*About this task:* Skip the pictures and copy all the data that follows exactly.
(Beginning of Supplied data)
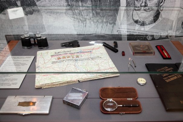 Он добавил, что на выставке много простреленных документов. В том числе простреленный партийный билет командира мотострелковой дивизии лейтенанта Бумагина, который 70 лет назад 24 апреля бросился на амбразуру, закрыв своим телом вражеский пулемет, чем обеспечил продвижение своего мотострелкового взвода вперед.
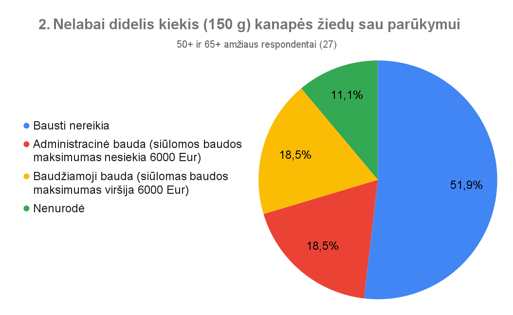 Atsakydami į pirmąjį klausimą apie baudimą už turimą mažą kiekį kanapių tik sau parūkymui, 61 proc. respondentų apskritai nematė reikalo už mažą kiekį sau parūkymui bausti žmonių. 21 proc. pasisakė už baudas nesiekiančias 6000 Eur (siūlytos baudos iki 100, iki 200, iki 500, iki 5000 Eur). Tik 11 proc. pasisakė už baudžiamojo kodekso vertas baudas (pasiūlytos iki 20000 ir iki 25000 Eur baudos). Ir likę 7 proc. nuo atsakymo susilaikė.
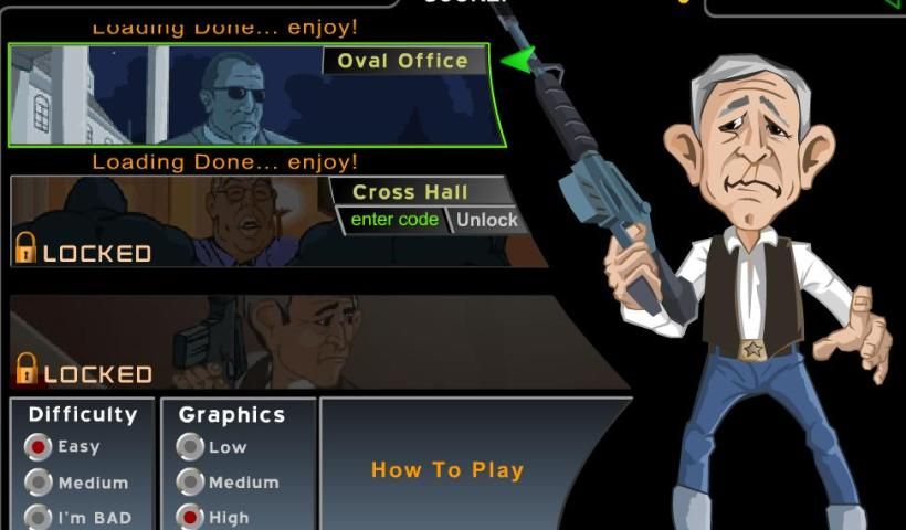 Welcome to this amazing shooting game starring president Bush and Condoleeza Rice.
(End of Supplied data)
*Response:*
 Он добавил, что на выставке много простреленных документов. В том числе простреленный партийный билет командира мотострелковой дивизии лейтенанта Бумагина, который 70 лет назад 24 апреля бросился на амбразуру, закрыв своим телом вражеский пулемет, чем обеспечил продвижение своего мотострелкового взвода вперед.
 Atsakydami į pirmąjį klausimą apie baudimą už turimą mažą kiekį kanapių tik sau parūkymui, 61 proc. respondentų apskritai nematė reikalo už mažą kiekį sau parūkymui bausti žmonių. 21 proc. pasisakė už baudas nesiekiančias 6000 Eur (siūlytos baudos iki 100, iki 200, iki 500, iki 5000 Eur). Tik 11 proc. pasisakė už baudžiamojo kodekso vertas baudas (pasiūlytos iki 20000 ir iki 25000 Eur baudos). Ir likę 7 proc. nuo atsakymo susilaikė.
 Welcome to this amazing shooting game starring president Bush and Condoleeza Rice.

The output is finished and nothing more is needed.